[Information shown Boundary: Start]

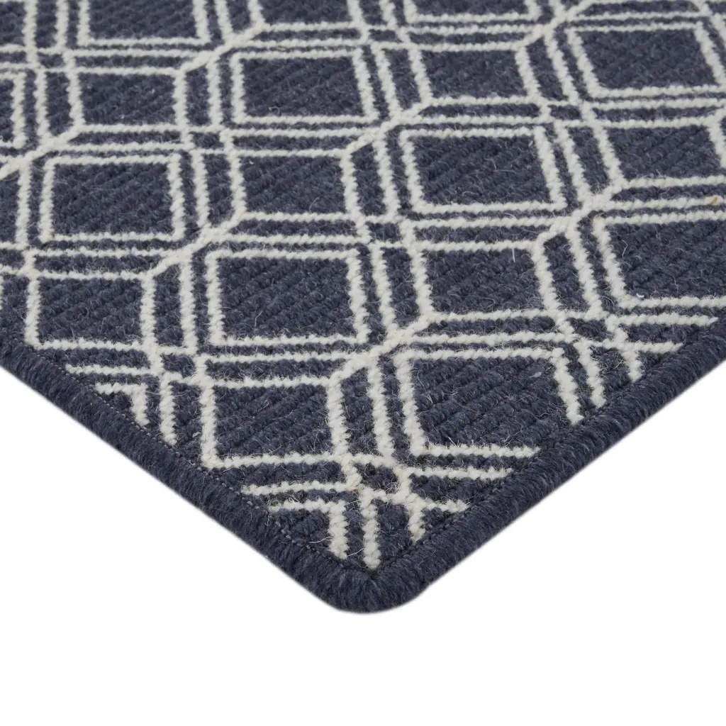 The Harbor Custom Carpet offers a versatile and durable flooring solution, designed to fit specific spatial requirements. This custom-sized carpet is crafted from a wool polyester blend, combining the natural softness and resilience of wool with the strength and easy-care properties of polyester. Constructed with a flat weave, the carpet features a low-profile design that is both robust and practical for high-traffic areas. Its tightly woven surface contributes to its durability and resistance to wear. The design incorporates a subtle geometric pattern with a 4" W x 4" L repeat, adding a textured visual interest. This pattern is presented in a blue color, providing a calming and sophisticated aesthetic suitable for various interior designs. Manufactured in India, the Harbor Custom Carpet reflects traditional craftsmanship adapted for modern needs. It is available in a wide range of custom dimensions, from 2' x 5' up to 13' x 30'. This flexibility allows for precise fitting in rooms, hallways, or commercial spaces, minimizing waste and ensuring a tailored look. Ideal for both residential and commercial applications, this carpet provides a blend of style, comfort, and enduring performance.
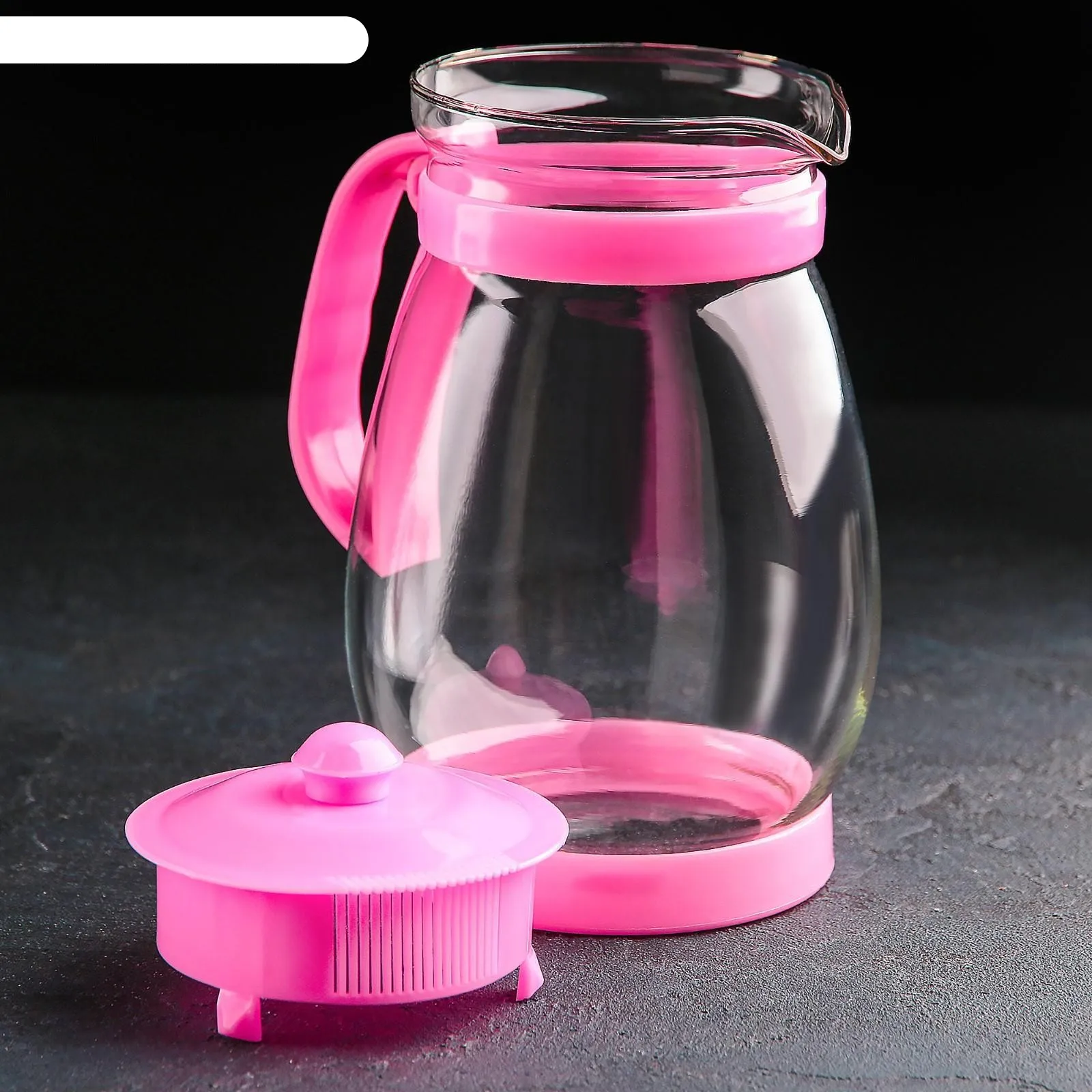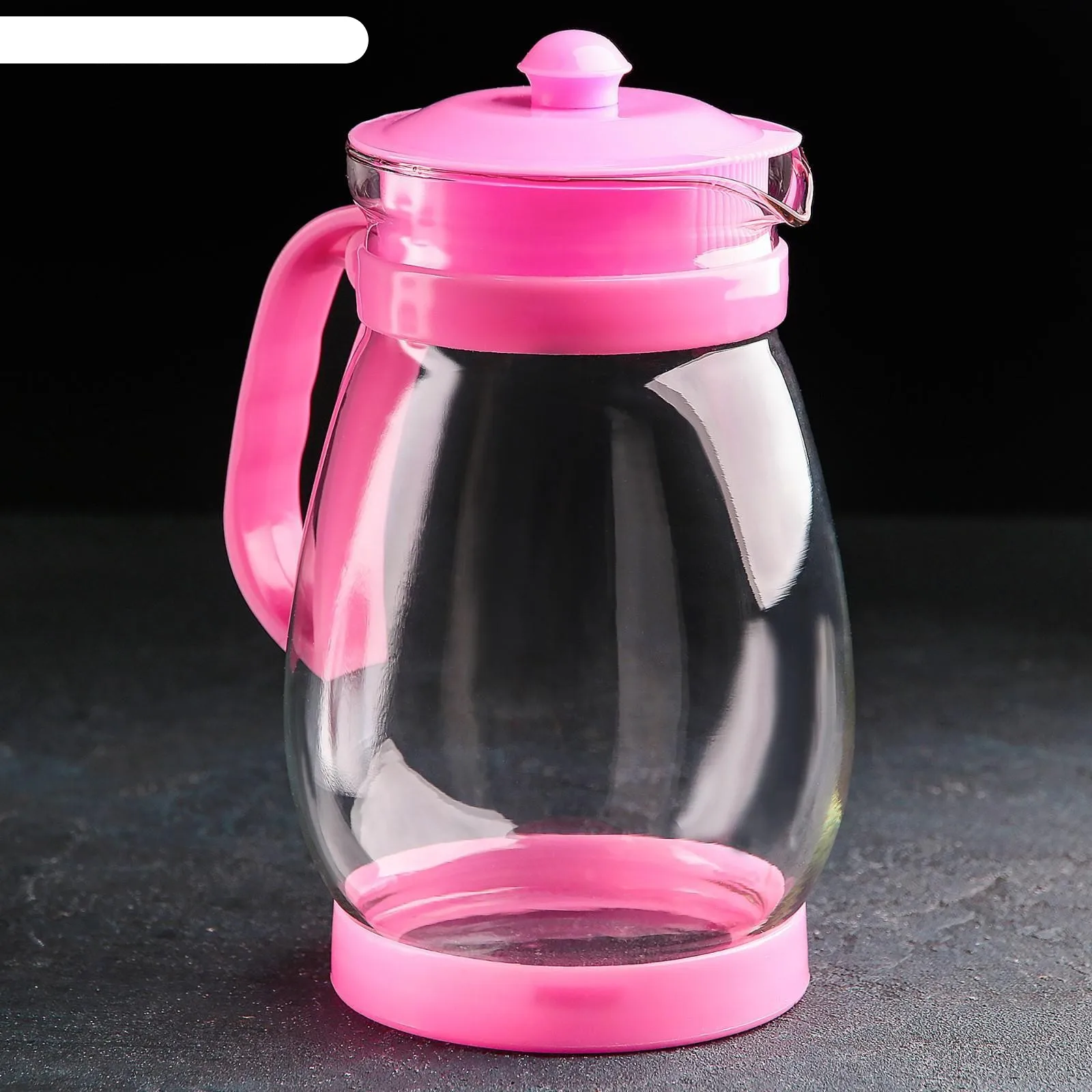 Стеклянный кувшин с пластмассовой крышкой, объем 1800 мл. Можно мыть в посудомоечной машине. Стекло выдерживает сильные перепады температуры жидкости. Габаритные размеры 13.5х16х22.5 см.
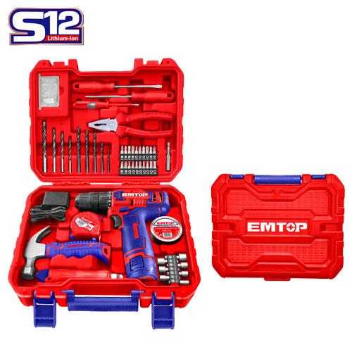 Emtop 88 ədədlik məişət alətləri dəsti Dəstə daxildir: 1 ədəd 12V Litium-İon naqilsiz burğu 1.5Ah batareya ilə 1 ədəd batareya paketi ilə 1 ədəd şarj cihazı ilə Şarj gərginliyi: 220V-240V~50/60Hz 1 ədəd SL5.5x100 tornavida 1 ədəd PH1x100 tornavida 1 ədəd 7" kombinə edilmiş pəncə 1 ədəd 8Oz mini caynaq çəkici 1 ədəd test qələmi (Test gərginliyi: 100-500VAC) 1 ədəd 3M polad ölçü lentı 1 ədəd 9mm kəsici bıçaq 1 ədəd PVC izolyasiya lentı 7 ədəd Power yivləri 5mm, 6mm, 7mm, 8mm, 9mm, 10mm, 11mm (Material: CR-V) 5 ədəd bükmə dəlik açma dəsti (2mm, 3mm, 4mm, 5mm, 6mm) 4 ədəd taxta dəlik açma dəsti (4mm, 5mm, 6mm, 8mm) 1 ədəd maqnitli bit tutacağı 20 ədəd tornavida bitləri: SL3, SL4, SL5, SL6, PH0, PH1, PH2, PH3, PZ0, PZ1, PZ2, PZ3, T10, T15, T20, T30, H3, H4, H5, H6 20 ədəd vint (10 ədəd * ST3.5, 10 ədəd * ST4) 20 ədəd plastik tıxac (10 ədəd * 6mm, 10 ədəd * 5mm) BMC ilə qablaşdırılmış
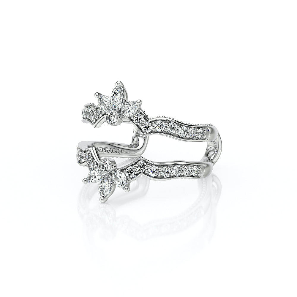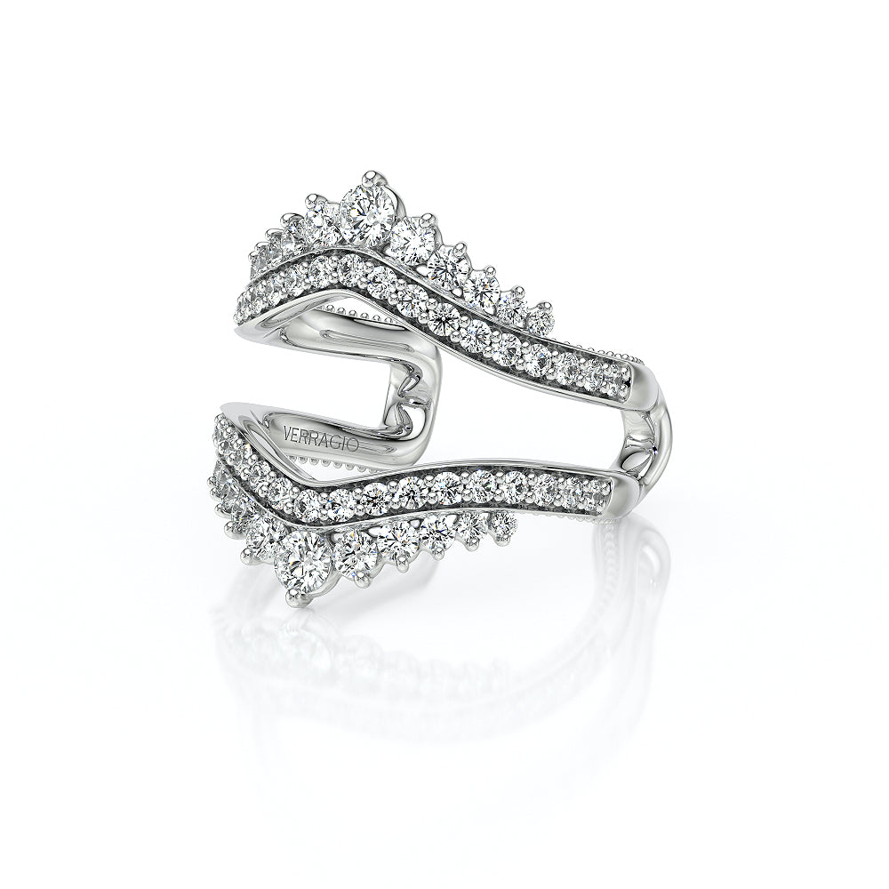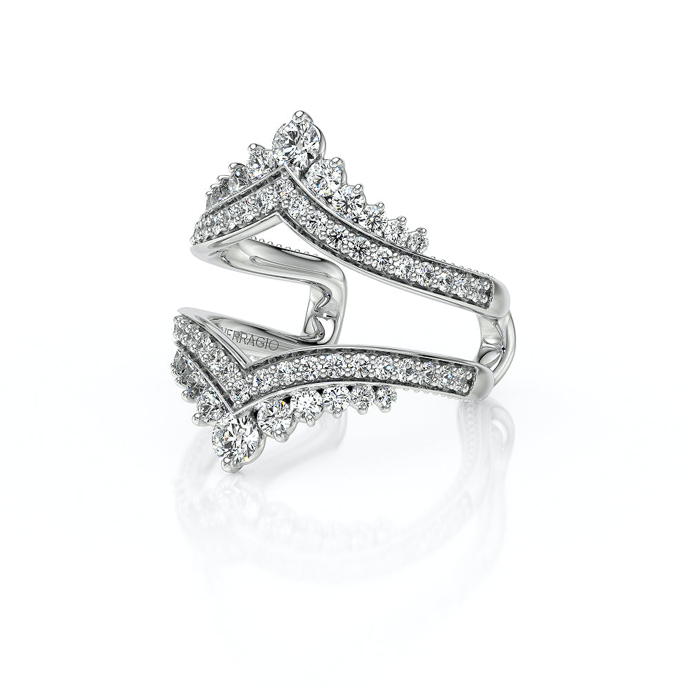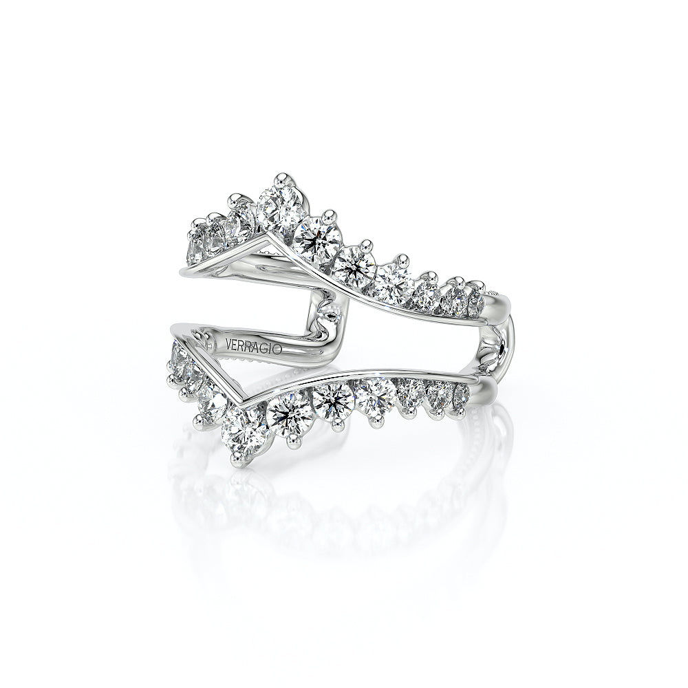 The clean and simplistic embellisher, VNG-2033W, is designed to elevate your engagement ring, wedding band, or to be worn on its own, featuring a striking three-pointed Verragio crest for a touch of timeless sophistication and versatility.
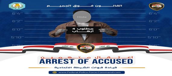 وذكرت قيادة الشرطة الاتحادية في بيان :" ان القبض على المتهم تم في نقطة تفتيش (جسر شميط) في كركوك لورود اسمه ضمن قوائم المطلوبين للقضاء، و تمت احالته الى الجهات المختصة".
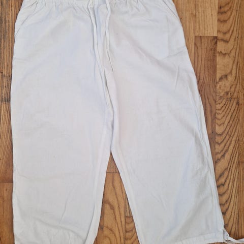 med skridtlængde på 57 cm. Har bindebånd forneden
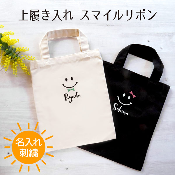 上履き入れ 上履き袋 入園入学 通園通学 トートバッグ スマイルマーク にこちゃんマーク 名入れ 刺繍 記念品 卒業 レディース メンズ ギフト プレゼント お出かけ ショッピングバッグ 通学 通園 習い事 お稽古バッグ エコバッグ オリジナル gp-bag02-smi2
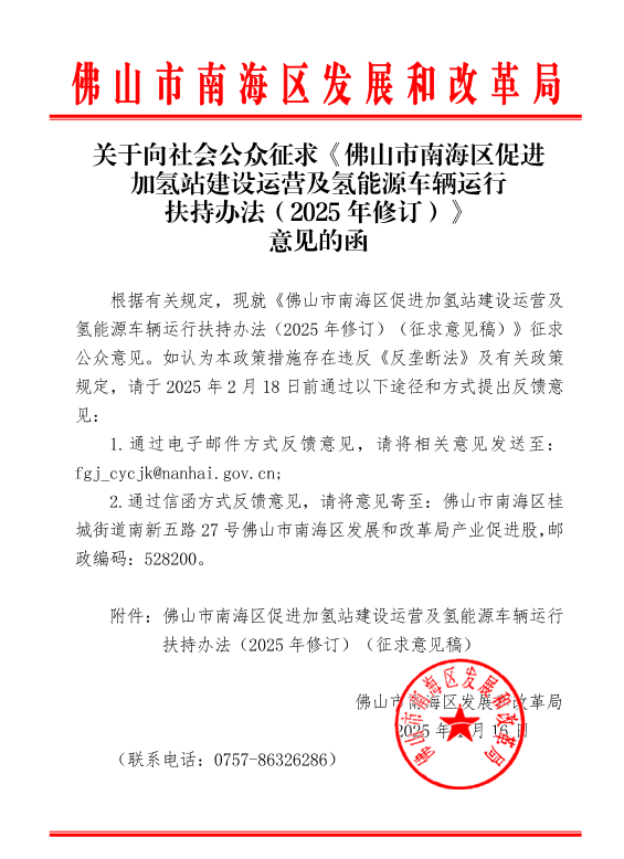 近日,佛山市南海區人民政府發布關于向社會公眾征求《佛山市南海區促進加氫站建設運營及氫能源車輛運行扶持辦法(2025年修訂)》意見的函。對于符合條件的加氫站和自用撬裝式加氫裝置,將分別按18元/kg、10元/kg給予運營企業加氫補貼,有效期至2025年12月31日。
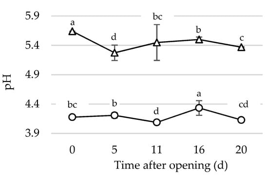 The monitoring of pH (Figure 3) did not show significant differences based on the level of domestic use in both pesto sauces (p = 0.21 and 0.06 for P1 and P2, respectively), therefore the values from both scenarios were analyzed together. Very small changes, though statistically significant, were shown during the period after first opening (p < 0.05) in both pesto brands. In spite of that, the pH of Pesto samples after 20 d from the first opening was very similar to the initial one, thus confirming the intrinsic stability of the products.
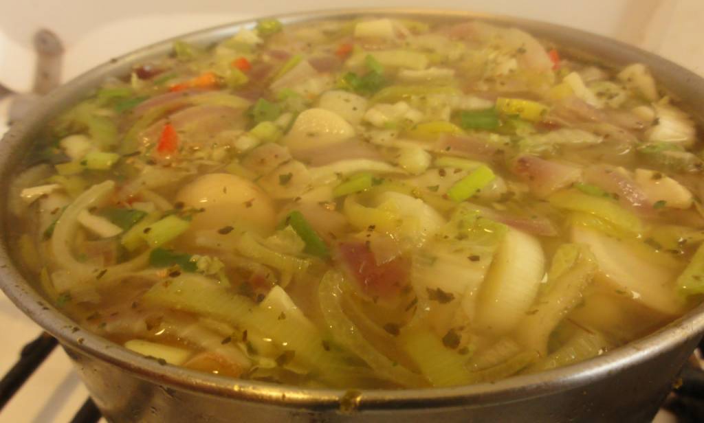Następnie wrzucamy je do garnka. Zalewamy bulionem i dodajemy pocięty por. Zupę trzymamy na minimalnym ogniu, cały czas mieszając. Po 5 minutach dodajemy marchewkę.

[Information shown Boundary: End]

Problem to solve: Leave the pictures aside and give the records above back word for word.

The completed task:
 The Harbor Custom Carpet offers a versatile and durable flooring solution, designed to fit specific spatial requirements. This custom-sized carpet is crafted from a wool polyester blend, combining the natural softness and resilience of wool with the strength and easy-care properties of polyester. Constructed with a flat weave, the carpet features a low-profile design that is both robust and practical for high-traffic areas. Its tightly woven surface contributes to its durability and resistance to wear. The design incorporates a subtle geometric pattern with a 4" W x 4" L repeat, adding a textured visual interest. This pattern is presented in a blue color, providing a calming and sophisticated aesthetic suitable for various interior designs. Manufactured in India, the Harbor Custom Carpet reflects traditional craftsmanship adapted for modern needs. It is available in a wide range of custom dimensions, from 2' x 5' up to 13' x 30'. This flexibility allows for precise fitting in rooms, hallways, or commercial spaces, minimizing waste and ensuring a tailored look. Ideal for both residential and commercial applications, this carpet provides a blend of style, comfort, and enduring performance.
 Стеклянный кувшин с пластмассовой крышкой, объем 1800 мл. Можно мыть в посудомоечной машине. Стекло выдерживает сильные перепады температуры жидкости. Габаритные размеры 13.5х16х22.5 см.
 Emtop 88 ədədlik məişət alətləri dəsti Dəstə daxildir: 1 ədəd 12V Litium-İon naqilsiz burğu 1.5Ah batareya ilə 1 ədəd batareya paketi ilə 1 ədəd şarj cihazı ilə Şarj gərginliyi: 220V-240V~50/60Hz 1 ədəd SL5.5x100 tornavida 1 ədəd PH1x100 tornavida 1 ədəd 7" kombinə edilmiş pəncə 1 ədəd 8Oz mini caynaq çəkici 1 ədəd test qələmi (Test gərginliyi: 100-500VAC) 1 ədəd 3M polad ölçü lentı 1 ədəd 9mm kəsici bıçaq 1 ədəd PVC izolyasiya lentı 7 ədəd Power yivləri 5mm, 6mm, 7mm, 8mm, 9mm, 10mm, 11mm (Material: CR-V) 5 ədəd bükmə dəlik açma dəsti (2mm, 3mm, 4mm, 5mm, 6mm) 4 ədəd taxta dəlik açma dəsti (4mm, 5mm, 6mm, 8mm) 1 ədəd maqnitli bit tutacağı 20 ədəd tornavida bitləri: SL3, SL4, SL5, SL6, PH0, PH1, PH2, PH3, PZ0, PZ1, PZ2, PZ3, T10, T15, T20, T30, H3, H4, H5, H6 20 ədəd vint (10 ədəd * ST3.5, 10 ədəd * ST4) 20 ədəd plastik tıxac (10 ədəd * 6mm, 10 ədəd * 5mm) BMC ilə qablaşdırılmış
 The clean and simplistic embellisher, VNG-2033W, is designed to elevate your engagement ring, wedding band, or to be worn on its own, featuring a striking three-pointed Verragio crest for a touch of timeless sophistication and versatility.
 وذكرت قيادة الشرطة الاتحادية في بيان :" ان القبض على المتهم تم في نقطة تفتيش (جسر شميط) في كركوك لورود اسمه ضمن قوائم المطلوبين للقضاء، و تمت احالته الى الجهات المختصة".
 med skridtlængde på 57 cm. Har bindebånd forneden
 上履き入れ 上履き袋 入園入学 通園通学 トートバッグ スマイルマーク にこちゃんマーク 名入れ 刺繍 記念品 卒業 レディース メンズ ギフト プレゼント お出かけ ショッピングバッグ 通学 通園 習い事 お稽古バッグ エコバッグ オリジナル gp-bag02-smi2
 近日,佛山市南海區人民政府發布關于向社會公眾征求《佛山市南海區促進加氫站建設運營及氫能源車輛運行扶持辦法(2025年修訂)》意見的函。對于符合條件的加氫站和自用撬裝式加氫裝置,將分別按18元/kg、10元/kg給予運營企業加氫補貼,有效期至2025年12月31日。
 The monitoring of pH (Figure 3) did not show significant differences based on the level of domestic use in both pesto sauces (p = 0.21 and 0.06 for P1 and P2, respectively), therefore the values from both scenarios were analyzed together. Very small changes, though statistically significant, were shown during the period after first opening (p < 0.05) in both pesto brands. In spite of that, the pH of Pesto samples after 20 d from the first opening was very similar to the initial one, thus confirming the intrinsic stability of the products.
Następnie wrzucamy je do garnka. Zalewamy bulionem i dodajemy pocięty por. Zupę trzymamy na minimalnym ogniu, cały czas mieszając. Po 5 minutach dodajemy marchewkę.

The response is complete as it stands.